WHAT THE TASK REQUIRES
In the output, include exactly the lines from the beginning of the records up to and including the one that contains "秘藏BOSS是《黎明召唤》的", and leave out the pictures.

SUPPLIED ENTRIES

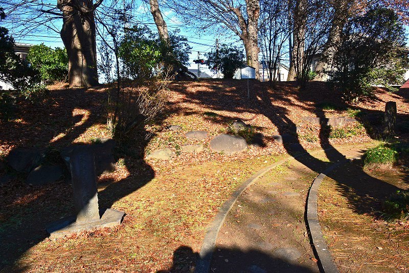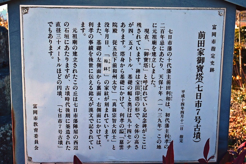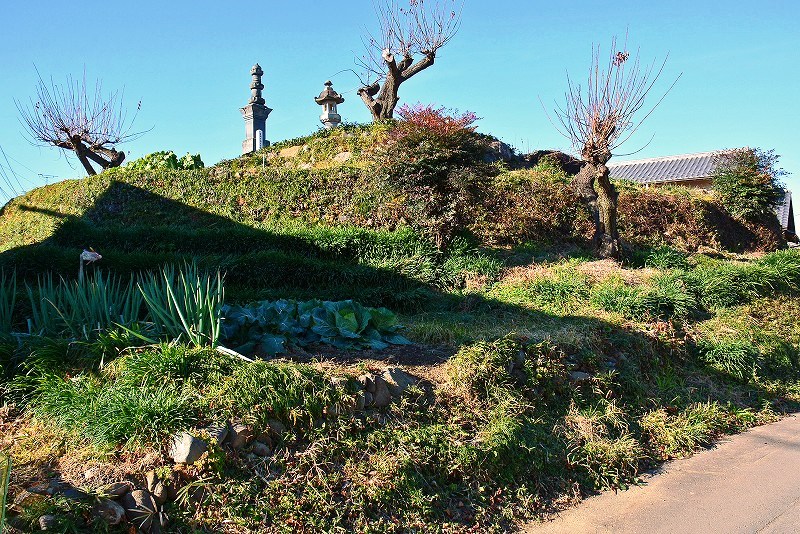 当時の陣屋門、御殿の表玄関と書院を確認し、陣屋北東部にあたる庭園の築山なのか陣屋の土塁跡なのか分かりにくい盛り土の地形を拝見した後は、南西隅の古墳兼前田家宝篋印塔を見学しに行きました。
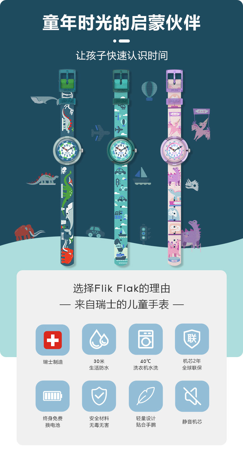 Flik Flak Swiss Children's Watch Silent Pointer Cartoon Quartz Watch for Boys and Girls New Year's Gift
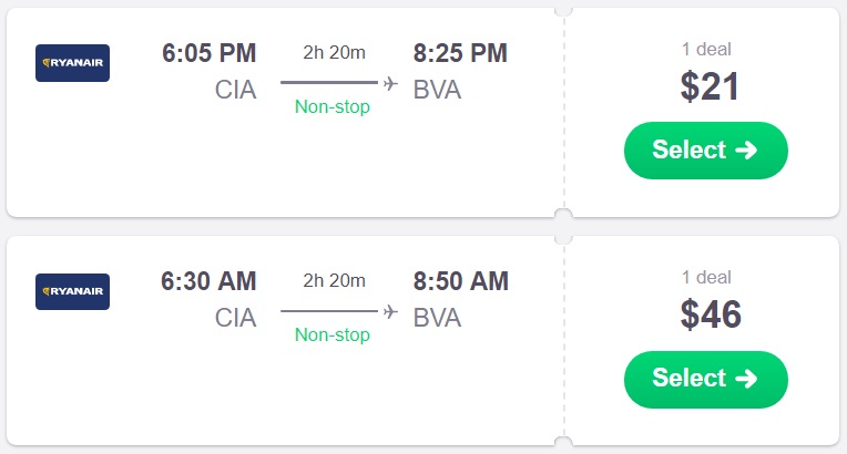 Rome to Paris from $21 O/W
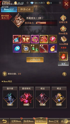 秘藏BOSS是《黎明召唤》的PVE玩法之一,有多个BOSS供玩家挑战,每个BOSS都有转生次数限制,玩家完成转生任务即可挑战对应的BOSS。
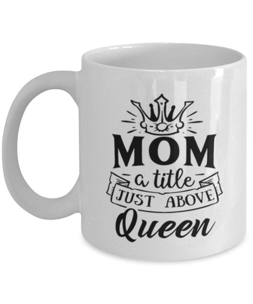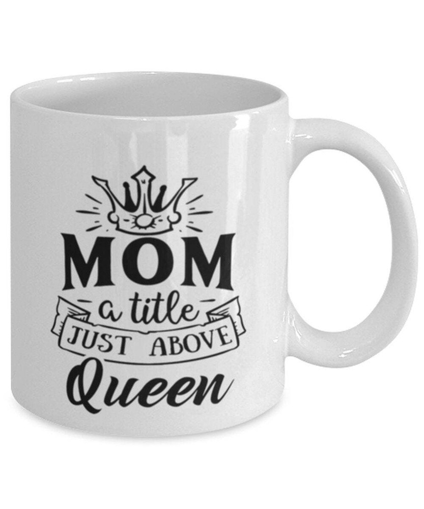 Mom Funny Coffee Mug A Title Just Above Queen New Mom Gift Mom Birthday Mothers Product Details.. This high quality 11oz. ceramic white mug has a premium hard coat that provides crisp and vibrant color reproduction sure to last for years. Perfect for all hot & cold beverages. The highest quality printing possible is used. It will never fade no matter how many times you wash it. Material: 100% Ceramic. Print both sides. Dishwasher and Microwave Safe. High Gloss + Premium White Finish. Printed in the U.S.A. Personalized & Custom. We support personalized and custom mug to add custom, when placing an order, you can add notes to the "order note" in shipping address section. Also you can contact us directly via message. Shipping Info. Ready to ship in 1 to 2 business days, All products are made-to-order and proudly printed in the United States. Shipped by USPS and DHL, You will receive your order in 5-7 days. Replace & Refund. All products are defective during shipping broken, chipped will be replaced free of charge. You are not satisfied with the product, we will refund 100% money to you. If any other issues arise, please do not hesitate to message, we would be more than happy to assist you.
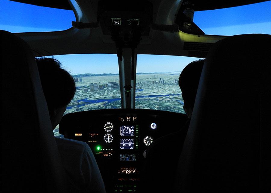 現役パイロットが訓練で使用するシミュレーターで、自分の操縦で飛行出来ます。
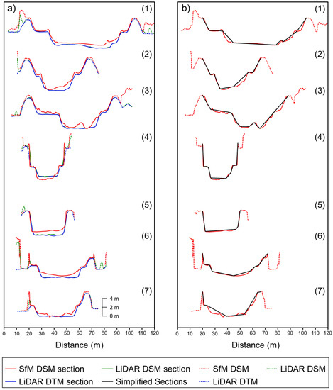 Comparison of the cross-section profiles derived from different topographic data. See Figure 2 for the locations of the cross-sections along the channel. (a) Profiles derived from SfM DSM, LiDAR DSM and DTM. (b) Profiles derived from SfM DSM and Simplified Sections.
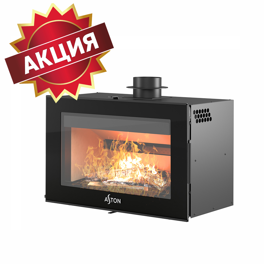 Стальная каминная топка АСТОН, рассчитанная на подовое горение дров.
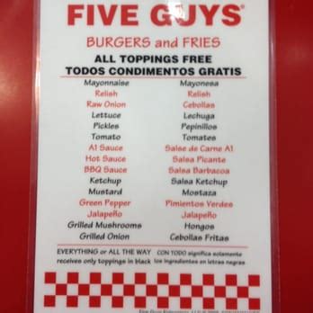 5 Guys Toppings. Web five guys “all the way” is a burger that comes with three sauces and five toppings. Grilled mushrooms are also a popular hot topping.
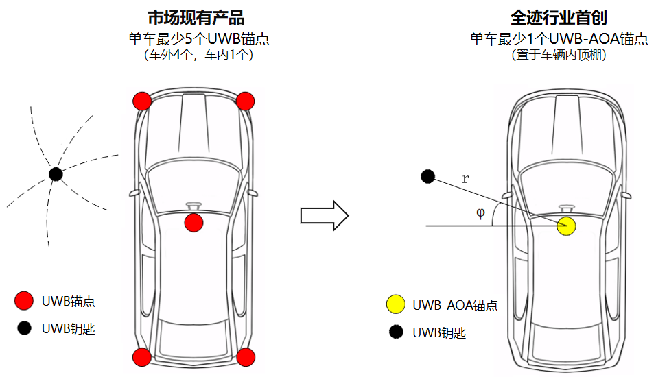 全跡科技基于天線陣列技術的UWB-AOA單錨點數字鑰匙系統,讓每輛車最少僅需1個UWB-AOA錨點即可實現傳統5錨點的同等功能。
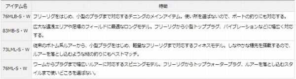 アイテム構成は、ベイトとスピニング2アイテムずつ。

PROBLEM SOLUTION
 当時の陣屋門、御殿の表玄関と書院を確認し、陣屋北東部にあたる庭園の築山なのか陣屋の土塁跡なのか分かりにくい盛り土の地形を拝見した後は、南西隅の古墳兼前田家宝篋印塔を見学しに行きました。
 Flik Flak Swiss Children's Watch Silent Pointer Cartoon Quartz Watch for Boys and Girls New Year's Gift
 Rome to Paris from $21 O/W
 秘藏BOSS是《黎明召唤》的PVE玩法之一,有多个BOSS供玩家挑战,每个BOSS都有转生次数限制,玩家完成转生任务即可挑战对应的BOSS。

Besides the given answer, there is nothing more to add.